Unraveling Ancient Sea Level Secrets

Technology at the Seafloor

Ken Rubin / HURL
Sep. 13 2017

After a successful port call in Honolulu prepping remotely operated vehicle (ROV) SuBastian, we have safely completed our first dive to the seafloor! After piloting the ROV for nearly six hours, the team was able to return R/V Falkor with a dozen seafloor samples as well as numerous live coral samples.

The ROV crew prepares SuBastian on the aft deck of R/V Falkor. The remotely operated vehicle goes through customization at port for each expedition, having specialized sensors and tools attached to its modular base.Kevin HcHugh / SOI

Getting to the Bottom
Deploying SuBastian involves many hands. The ROV team works together with the ship’s crew to safely hoist and lower SuBastian into the ocean – combining a team on deck manning the winch, taglines, A-frame crane, the bridge maintaining position, as well as the ROV team in the science control room. Inside the control room the team has access to a large suite of diagnostic tools to help monitor SuBastian. Here, pilots and techs perform a checklist of actions, such as monitor temperatures of hydraulic drive motors, verify all cameras and lights are functioning, and other tasks to verify the ROV is prepared and ready to begin its descent to the seafloor.

While on station, Falkor is subject to winds and ocean conditions, which can cause challenges when trying to maintain exact positioning. It is relatively easy to maintain position within a few hundred meters with no equipment over the side of the ship, however when SuBastian is in the water it is imperative that the ship maintain position within a few meters. This minimizes stress and danger to the umbilical cable that connects ship and robot. This need for precision also elevates risk and difficulty factors.

To assist in maintaining position, the Falkor uses the onboard dynamic positioning (DP). Commanding Officer Jason Garwood explains: “DP is a computer system that utilizes the bow thrusters, controllable pitch propellers, and rudders to maintain position in the given weather conditions.” Without DP the crew would be challenged to manage not only position but also other responsibilities, such as watching for other vessel traffic, managing alarms, and ongoing bridge duties.

Capturing the Science
The breadth of technology utilized in the research taking place this expedition is substantial. SuBastian continues to go through upgrades, including instrument modifications to suit scientists needs. During this expedition we are capitalizing on SuBastian’s modularity – during some dives we are capturing coral samples, while on other dives we are using a photo-mosaicing package to create large scale, high-resolution imagery of entire reefs.

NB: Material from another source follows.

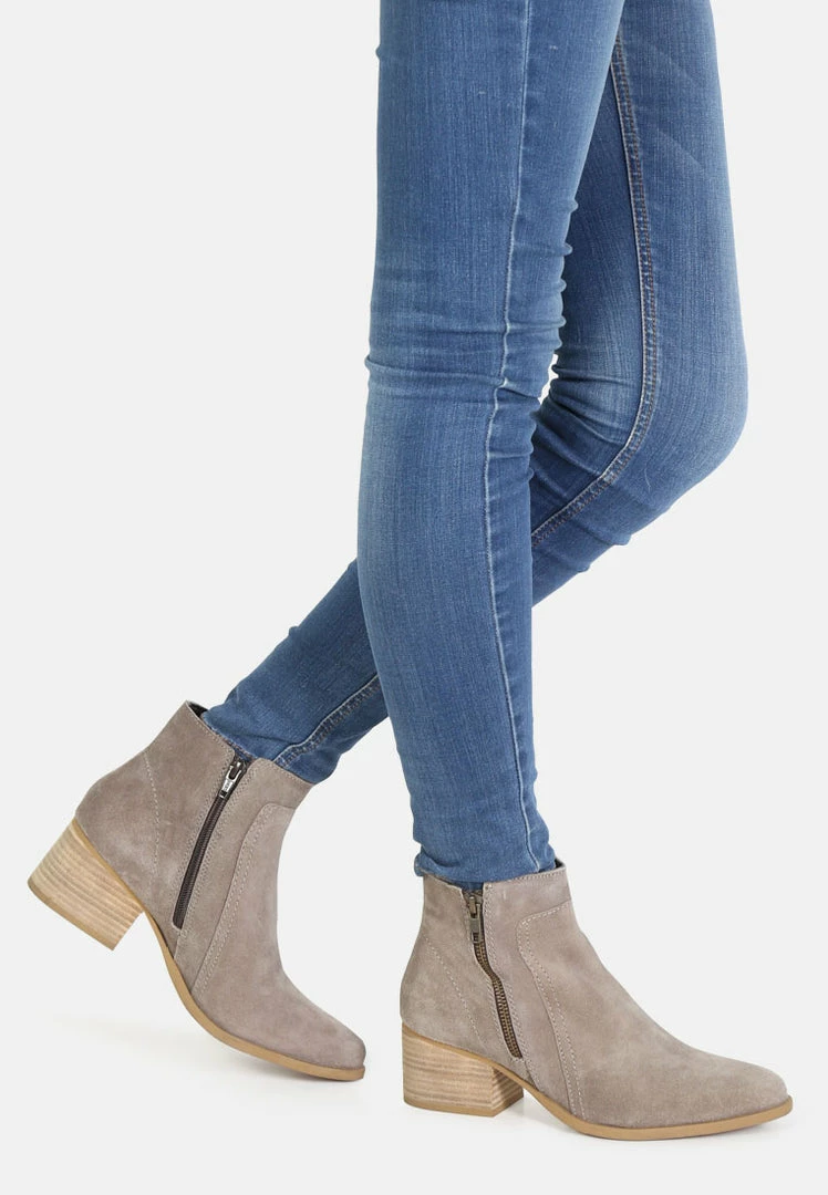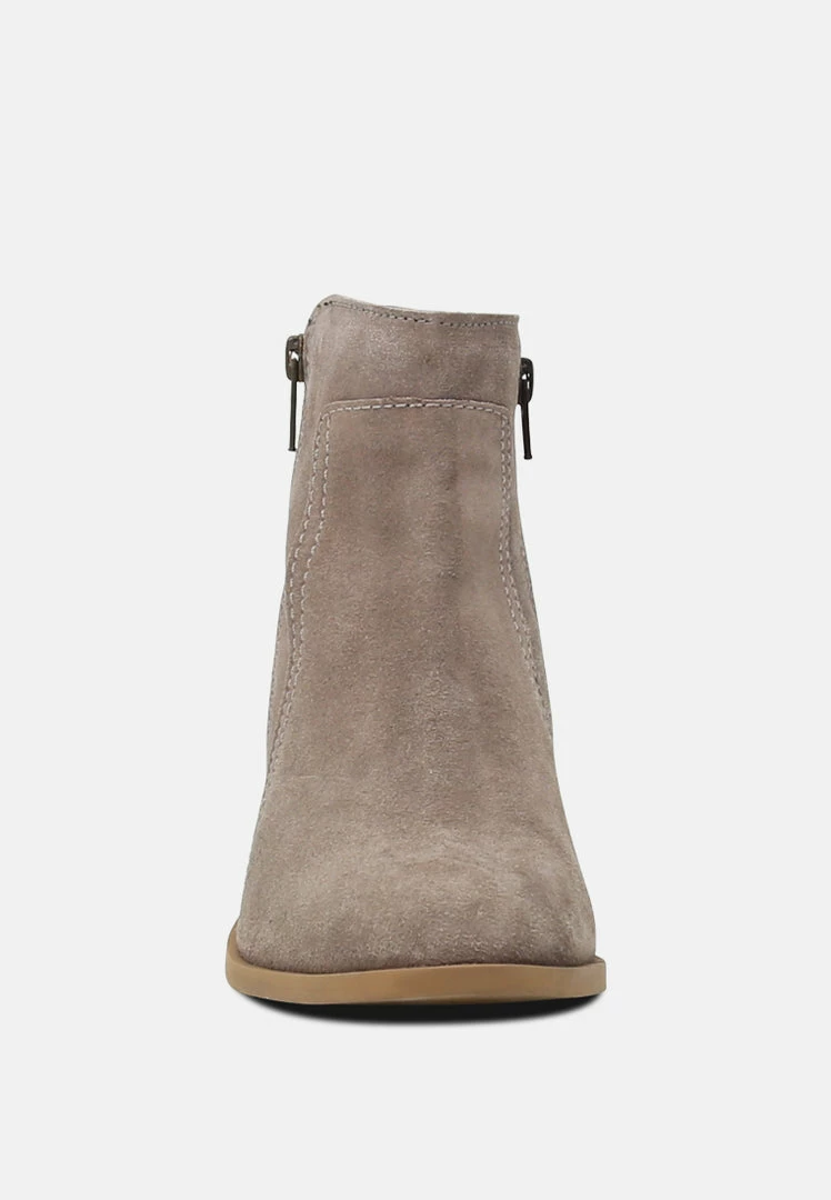 Ankle boot in taupe to give that groovy vibe to your outfit. Added stack heel to uplift your confidence everyday. Made with fine suede and quality assurance. A perfect pair for a date or for outings all seasons.
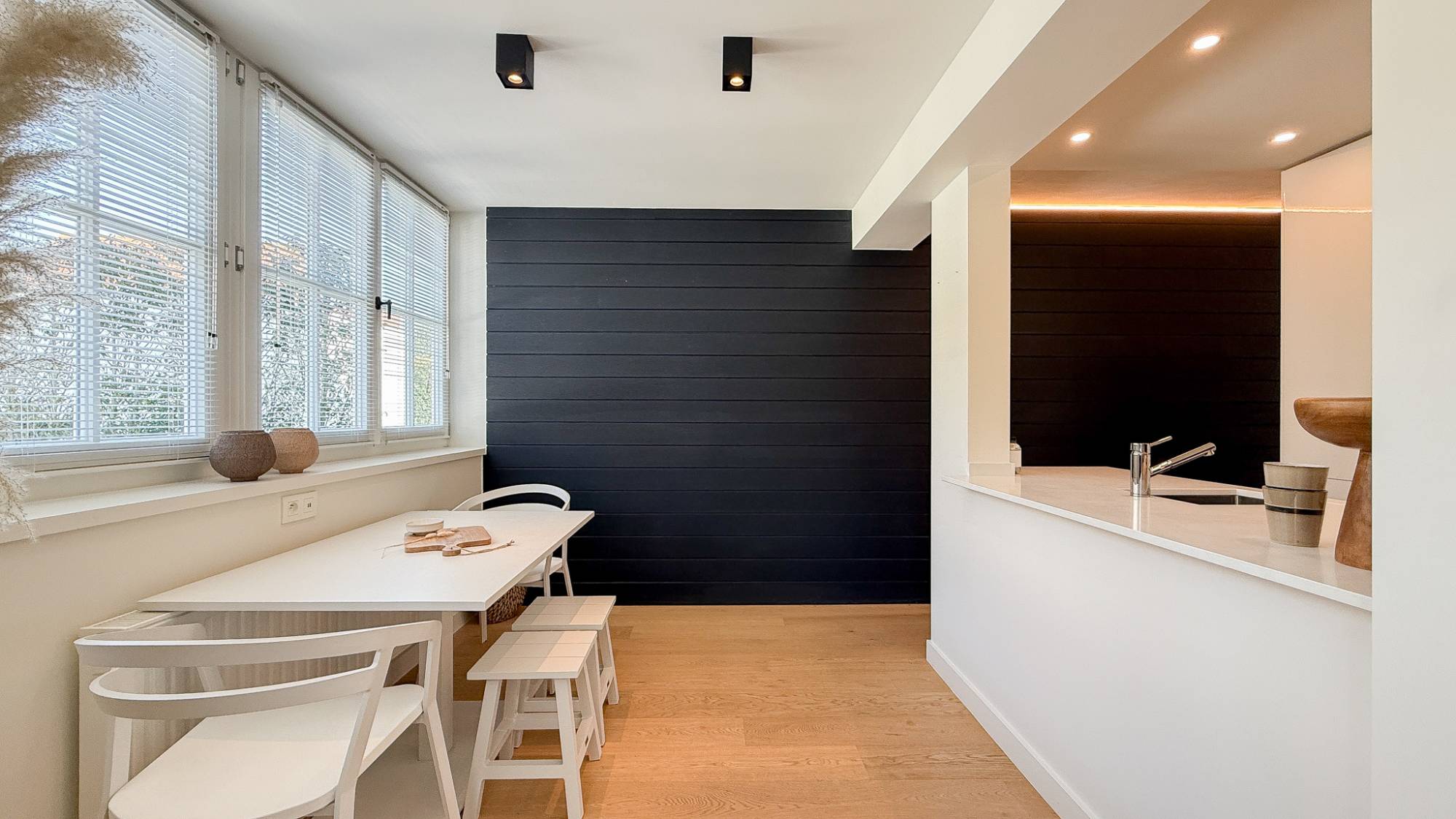 De volledig uitgeruste keuken met ontbijthoek biedt alle hedendaags comfort en sluit perfect aan op de leefruimte.

The ROV control room and video matrix are lit up as researchers work with ROV pilots and technicians to execute plans to achieve the mission’s goals.SOI / Kevin McHugh

To collect coral samples the team has two hydraulic three-dimensional arms that can move in many ways our own limbs cannot. The manipulators at the end of each arm can be gentle as well as rock crushing, operating up to 4000Nm of grip force. “You certainly do not want to shake hands with them,” jokingly warned ROV technician Adam Wetmore. Yet these handles are what enable the crew to get the exact samples the science team are looking for.

As Kate Herries describes, “We are super excited with the sampling. Getting our processes in place and preparing for the rest of the cruise.” Being able to obtain the exact samples the scientists see through the cameras is crucial to the goal of the research.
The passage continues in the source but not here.